Most of what Google Analytics has to offer is between the lines of our normal data reporting. This means in order to make data work for you, we must understand what the “between the lines” data is saying. In Synergy’s experience, the best way to help oneself interpret the data is by dividing the data up into segments. With anything in life when it comes to problem-solving the best way to understand anything is to not have all of our thoughts overwhelmed. Rather have a base to start with.
Let’s say we’re eating a bag of skittles. Some eat them a handful at a time and others will divide the colors according to which they like the best. Breaking the colors up according to what we like best is a form of segmentation. Red is an awesome taste most enjoy or “useful data”, whereas yellow can be the useless “information” or the not tasty color. This problem-solving skill will be useful in getting our tasty data out of our Google Analytics, and help us throughout our not so tasty data.
I will start by defining the main different types of segments used by Google Analytics:
- User Segments: This is a technical term for “people”. Think of this segment as actual people visiting your site.
- Session Segments: This is the segment for where Google shows what, when and how a single user interacts with your website.
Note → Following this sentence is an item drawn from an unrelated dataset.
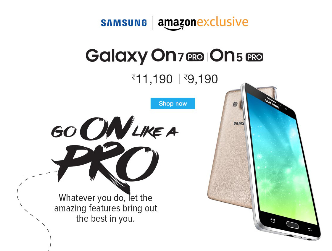 Samsung today launched two new devices for the Indian market called Galaxy On5 Pro and Galaxy On7 Pro that will be the successors to the Galaxy On5 and Galaxy On7 launched last year. Both the new devices are now available exclusively on Amazon India and are priced at Rs. 9190 (around $137) and Rs. 11190 (around $167).Both these devices comes with Ultra Data Saving mode powered by Opera Max that can give up to 50% data savings and both comes with S bike mode support as well.
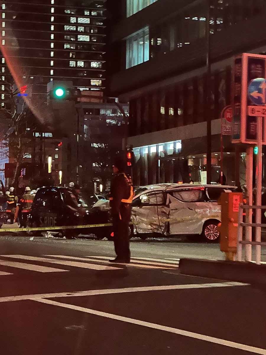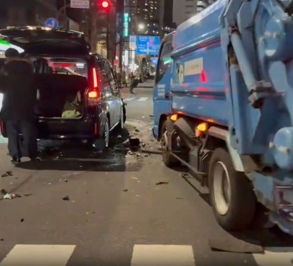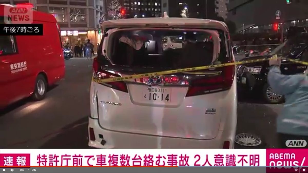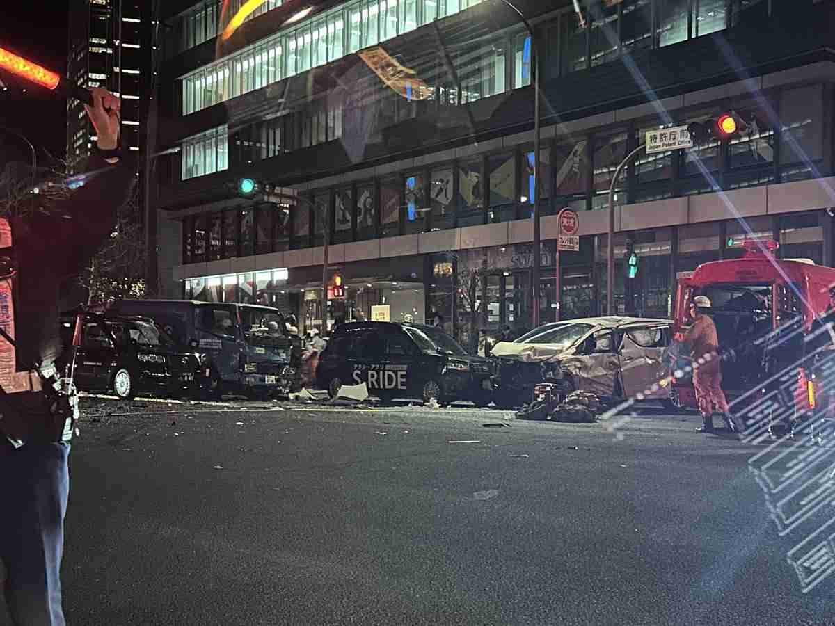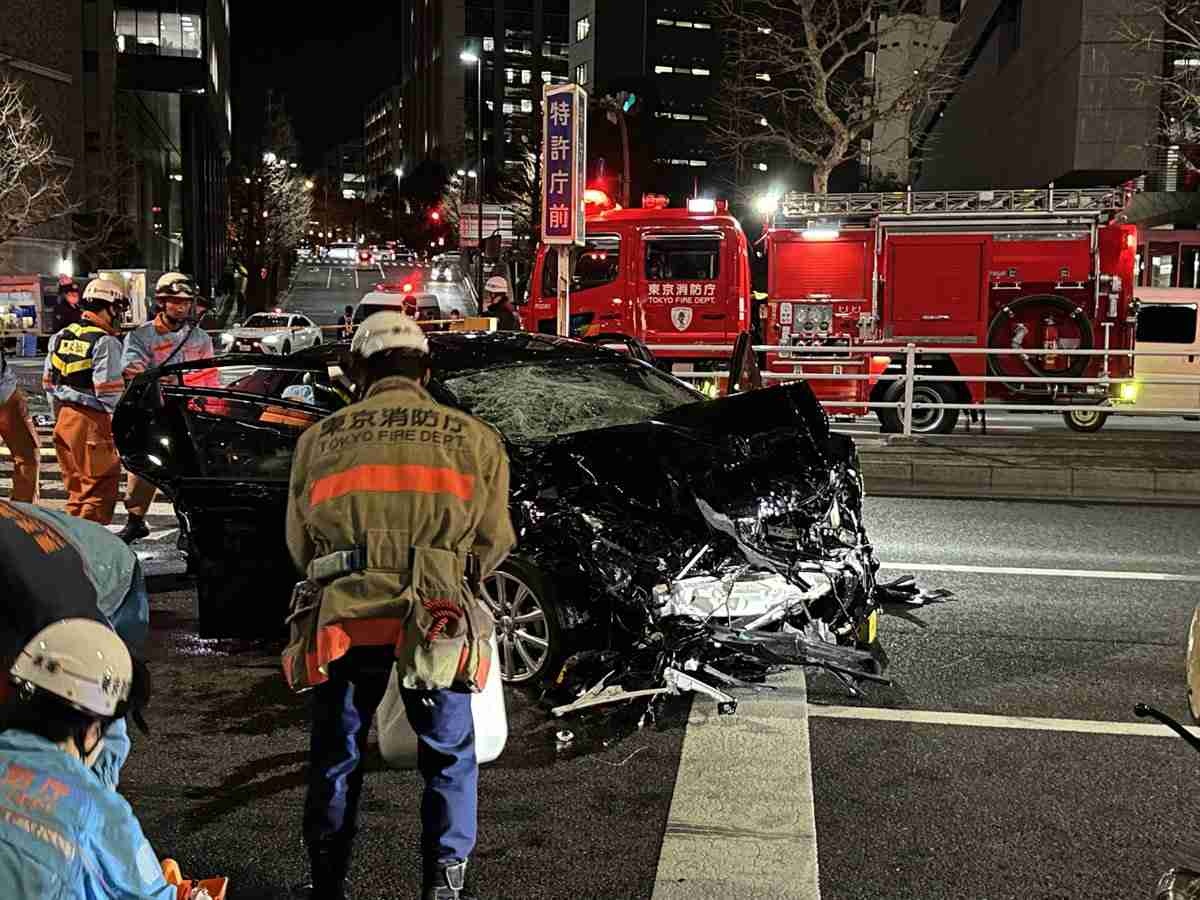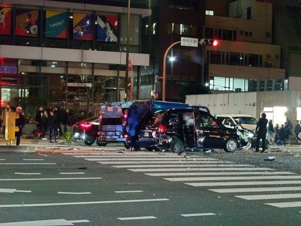 捜査関係者によりますと、きょう午後6時半すぎ、東京・港区赤坂1丁目の「特許庁前」の交差点で、タクシーやごみ収集車など車両6台が絡む事故があったということです。【写真を見る】車両6台が絡んだ事故現場の様子

- Hit Segments: This is best defined as the close-up view of “what” a single user is doing on your website. An example would be a user clicking on a Google add, or an article on a web-page within the website.
Example time, we open our Google Analytics tool trying to determine how many users spent $300 in one session. If we run a user segment we will see every user that spent $300 as a complete total. As in if user A spent $50 in one session and $250 in another while user B spent $300 in one session both users will show up in a user segment. However, if we were to run a session segment for users that spent $300 in a week only user B will show up.
Knowing some of this information found in our Google Analytics tool, we can effectively weed out problem areas on our website. See things we are getting right and reproduce the behavior. Lastly, throughout our un-tasty data that won’t help us much when it comes to improving our site.